Perform cytoarchitecture clustering and visualization using Jupyter notebook "**determine cyto clusters.ipynb**".

Next, inspect the images to figure out right names for clusters.

Cytoarchitecture clusters naming:

.. code-block:: bash

   scout cyto name name1 name2 (...) -o cyto_names.csv -v 

Next Step: 

.. code-block:: bash
   
   scp -r cyto_names.csv /Group1/each_organoid_folder 

Classifying cytoarchitectures:
Use "*determine cyto clusters.ipynb*" to get a umap model to use the command below: 

.. code-block:: bash
    
    cd analysis/analysis_folder_name/Group1/2019...(organoid_folder_name) 
    scout cyto classify ../../cyto_profiles_combined.npy ../../cyto_labels_combined.npy dataset/cyto_profiles.npy cyto_labels.npy -v --umap ../../model_Group1_and_Group.umap 


Exporting OBJ and CSV (3D rendering with Blender 2.8):

Look into the Jupyter notebook "**Export mesh and points as OBJ**". 
Import OBJ into Blender.

Blender script:

In Blender, the following script creates a new material for each unique cytoarchitecture and assigns each face
in the ventricle mesh to the corresponding material.

.. code-block:: python

    import bpy
    import csv

    # Path to face labels
    labels_csv = 'face_labels.csv'

    def read_csv(path):
        with open(path, mode='r') as f:
            line = f.readline().split('\n')[0]
        return line.split(',')

    # Load face labels
    labels = read_csv(labels_csv)
    classes = list(set(labels))
    classes.sort()
    n_classes = len(classes)
    print(f'Read {len(labels)} face labels belonging to {n_classes} classes')
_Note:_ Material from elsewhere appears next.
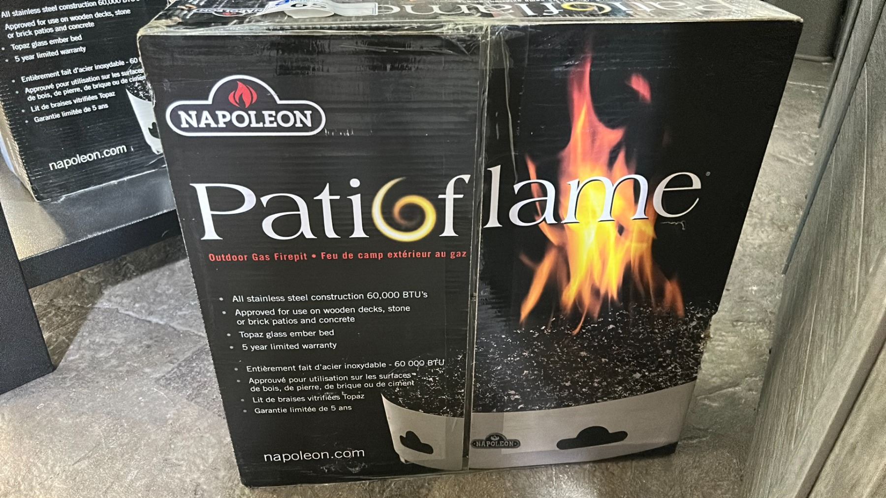 NAPOLEON PATIOFLAME OUTDOOR GAS FIREPIT. ALL STAINLESS STEEL CONSTRUCTION 60,000 BTU'S. APPROVED FOR USE ON WOODEN DECKS, STONE OR BRICK PATIOS AND CONCRETE, TOPAZ GLASS EMBER BED. PROPANE

    # Make materials for each class
    context = bpy.context
    obj = context.object
    mesh = obj.data

    existing_material_names = [m.name for m in mesh.materials]
    class_material_names = []
    class_material_index = []
    for i in range(n_classes):
        material_name = f'class {i} material'
        class_material_names.append(material_name)
        if material_name in existing_material_names:
            class_material_index.append(existing_material_names.index(material_name))
        else:
            class_material_index.append(len(mesh.materials))
            mesh.materials.append(bpy.data.materials.new(material_name))
    label_to_index = dict(zip(range(n_classes), class_material_index))
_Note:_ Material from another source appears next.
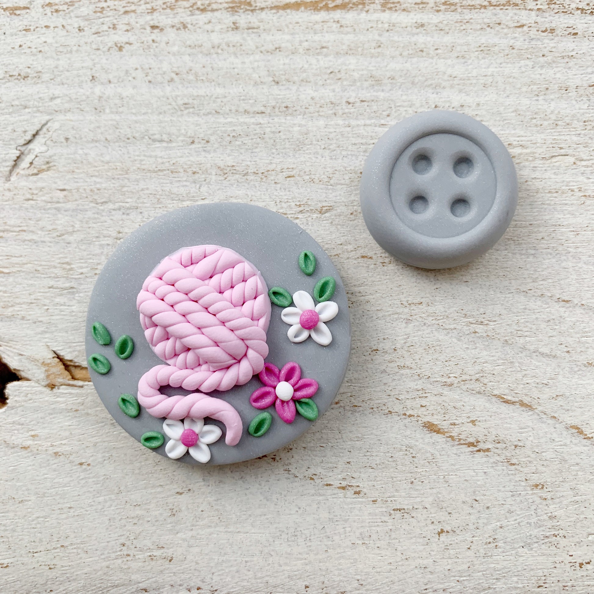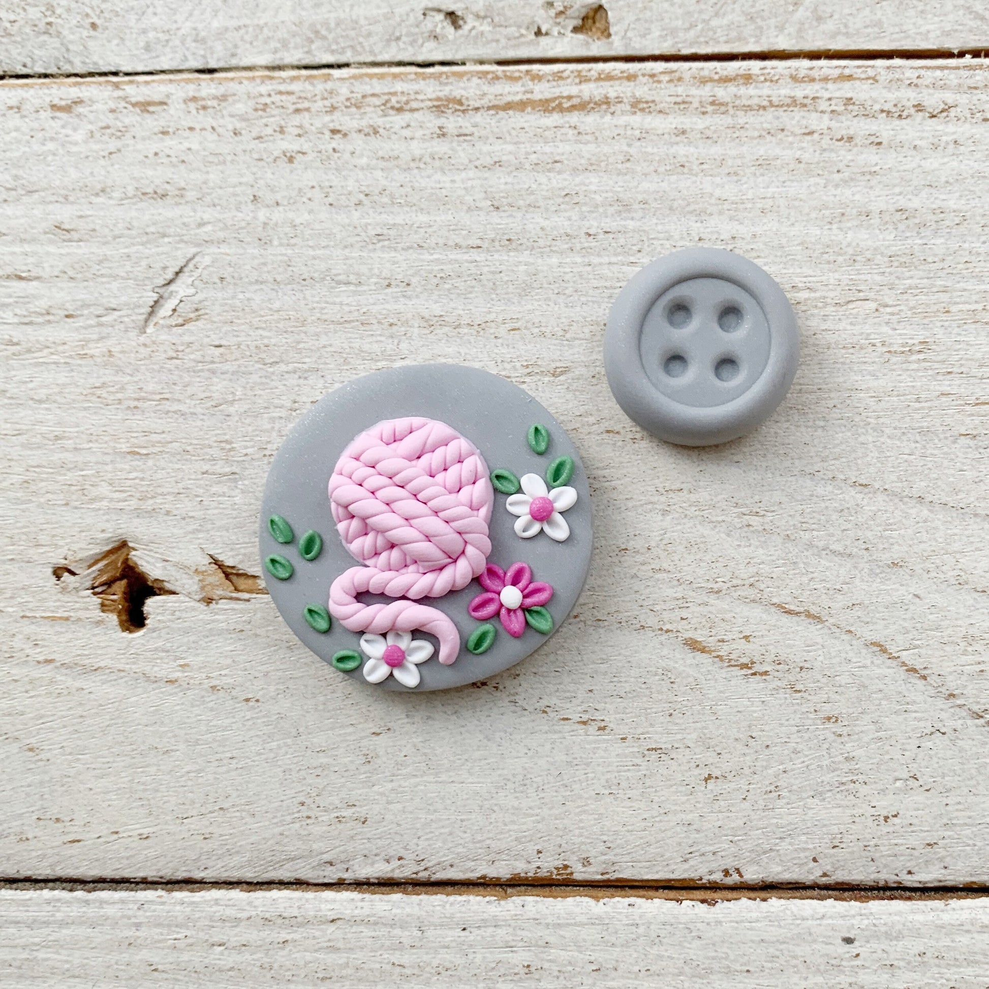 This needle minder features a cute baby pink yarn ball with my signature tiny flowers.

    # Assign faces to materials based on labels
    for f, lbl in zip(mesh.polygons, labels):  # iterate over faces
        print(lbl)
        f.material_index = label_to_index[int(lbl)]
        print("face", f.index, "material_index", f.material_index)
        slot = obj.material_slots[f.material_index]
        mat = slot.material
        if mat is not None:
            print(mat.name)
            print(mat.diffuse_color)
        else:
            print("No mat in slot", f.material_index)


**Multiscale statistical analysis:**

Input files needed for the command to work are: **centroids_um.npy** and **cyto_labels.npy** 

"." should specify that these files be inputted. 

.. code-block:: bash
   
   cd analysis/analysis_folder_name/Group1/  
   scout multiscale features organoid_folder_name(usually 2019...)/. -d 1 6 6 -v

If this worked you should see **organoid_features.xlsx** file in the organoid folder.

Combine each **organoid_features.xlsx** from each organoid folder into a cumulative **combined_features.xlsx** file using: 

.. code-block:: bash

   scout multiscale combine analysis.csv --output combined_features.xlsx -v 

Statistical testing:

Use the notebook "**T-tests and volcano plots.ipynb**" for statistical tests on the combined features.